● **TASK DESCRIPTION**: Starting at the line with "Восточный набор специй", return every line through the final one of the data, word for word. Pictures stay out.

(Excerpts from a dataset)
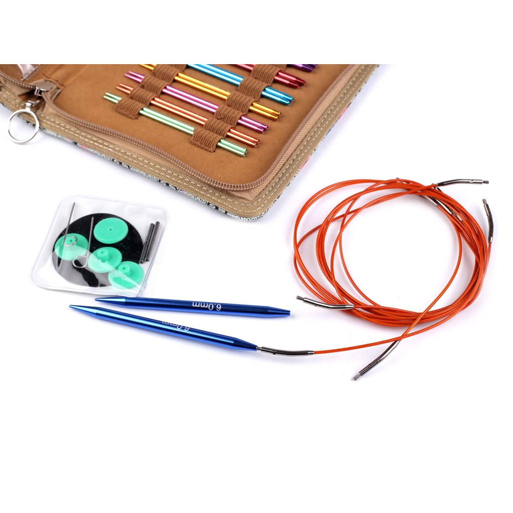 Sada kruhových jehlic je praktickým společníkem pro všechny, kdo rádi pletou. Využijete ji nejen doma, ale také třeba při cestování. Jehlice si dle preferované velikosti našroubujete na lanko.
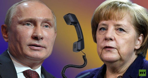 بحث الرئيس الروسي فلاديمير بوتين خلال اتصال هاتفي مع المستشارة الألمانية أنجيلا ميركل الخطوات اللازمة لتطبيع الوضع في جنوب شرق أوكرانيا وإيصال المساعدات الإنسانية الروسية إلى المحتاجين.
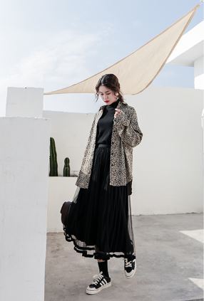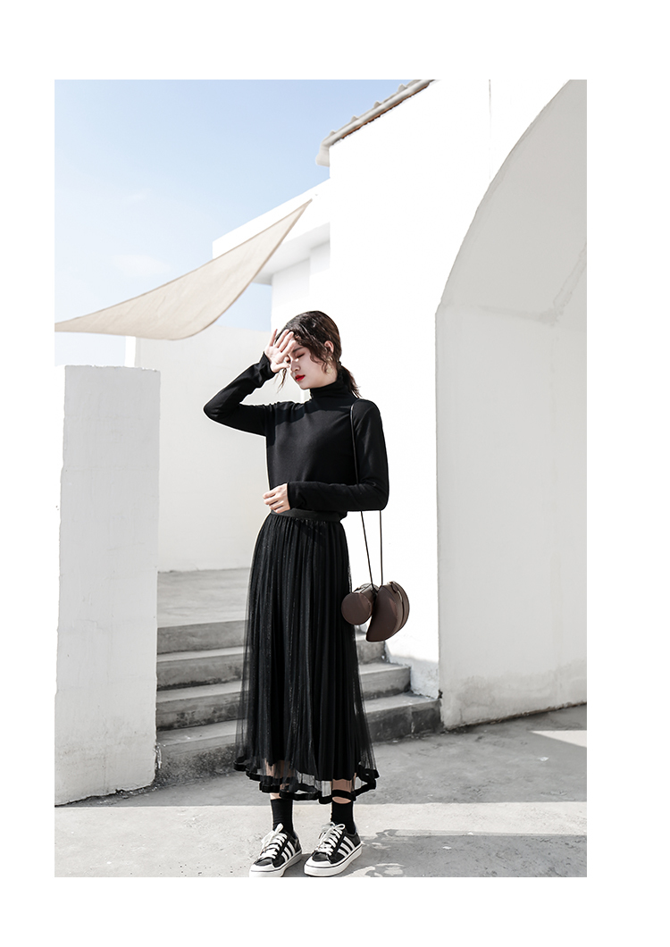 ブラック×ミモレ丈が甘くなりすぎず、クールな女性らしい印象に♪
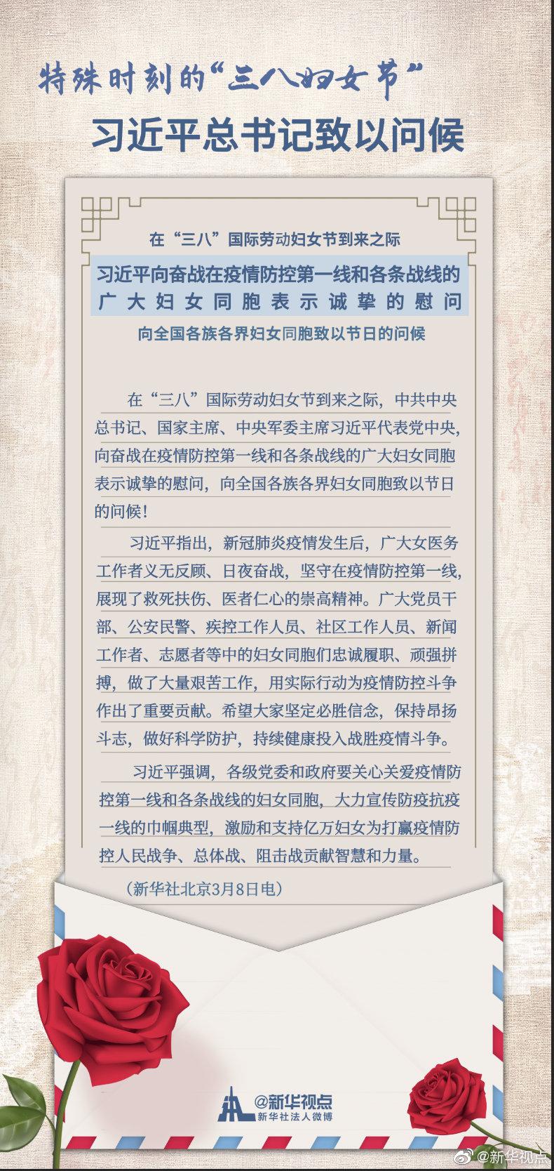 習(xí)近平指出,新冠肺炎疫情發(fā)生后,廣大女醫(yī)務(wù)工作者義無反顧、日夜奮戰(zhàn),堅(jiān)守在疫情防控第一線,展現(xiàn)了救死扶傷、醫(yī)者仁心的崇高精神。廣大黨員干部、公安民警、疾控工作人員、社區(qū)工作人員、新聞工作者、志愿者等中的婦女同胞們忠誠履職、頑強(qiáng)拼搏,做了大量艱苦工作,用實(shí)際行動為疫情防控斗爭作出了重要貢獻(xiàn)。希望大家堅(jiān)定必勝信念,保持昂揚(yáng)斗志,做好科學(xué)防護(hù),持續(xù)健康投入戰(zhàn)勝疫情斗爭。
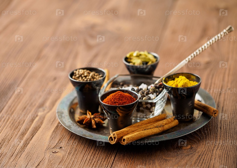 Восточный набор специй - кориандр, красный перец, куркума, корица, бадьян, розмарин, различные приправы в металлических чашках, на коричневом деревянном столе, вид сбоку, макро, селективный фокус
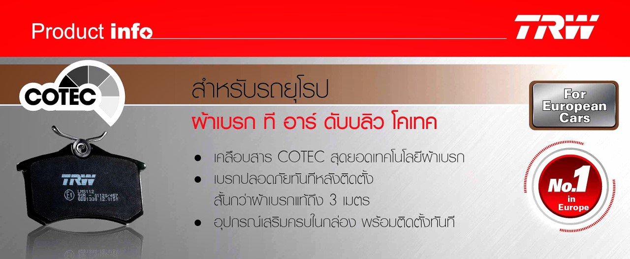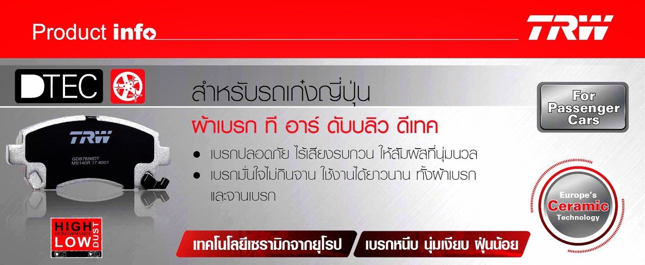 ผ้าเบรครถยนต์ TRW เบรคปลอดภัย เบรคมั่นใจ ไร้ฝุ่นดำ ไร้เสียงรบกวน ใช้ได้ยาวนาน สุดยอดผ้าเบรค แห่งยุดที่คุณต้องเลือกใช้ ผ้าเบรคดีๆราคาเบาๆ
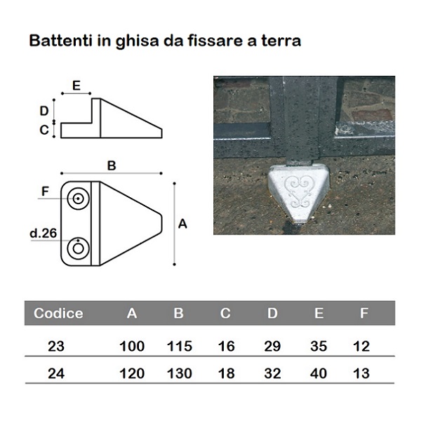 Battenti in ghisa per cancelli a doppia anta, da fissare a terra.

● **SOLUTION**:
 Восточный набор специй - кориандр, красный перец, куркума, корица, бадьян, розмарин, различные приправы в металлических чашках, на коричневом деревянном столе, вид сбоку, макро, селективный фокус
 ผ้าเบรครถยนต์ TRW เบรคปลอดภัย เบรคมั่นใจ ไร้ฝุ่นดำ ไร้เสียงรบกวน ใช้ได้ยาวนาน สุดยอดผ้าเบรค แห่งยุดที่คุณต้องเลือกใช้ ผ้าเบรคดีๆราคาเบาๆ
 Battenti in ghisa per cancelli a doppia anta, da fissare a terra.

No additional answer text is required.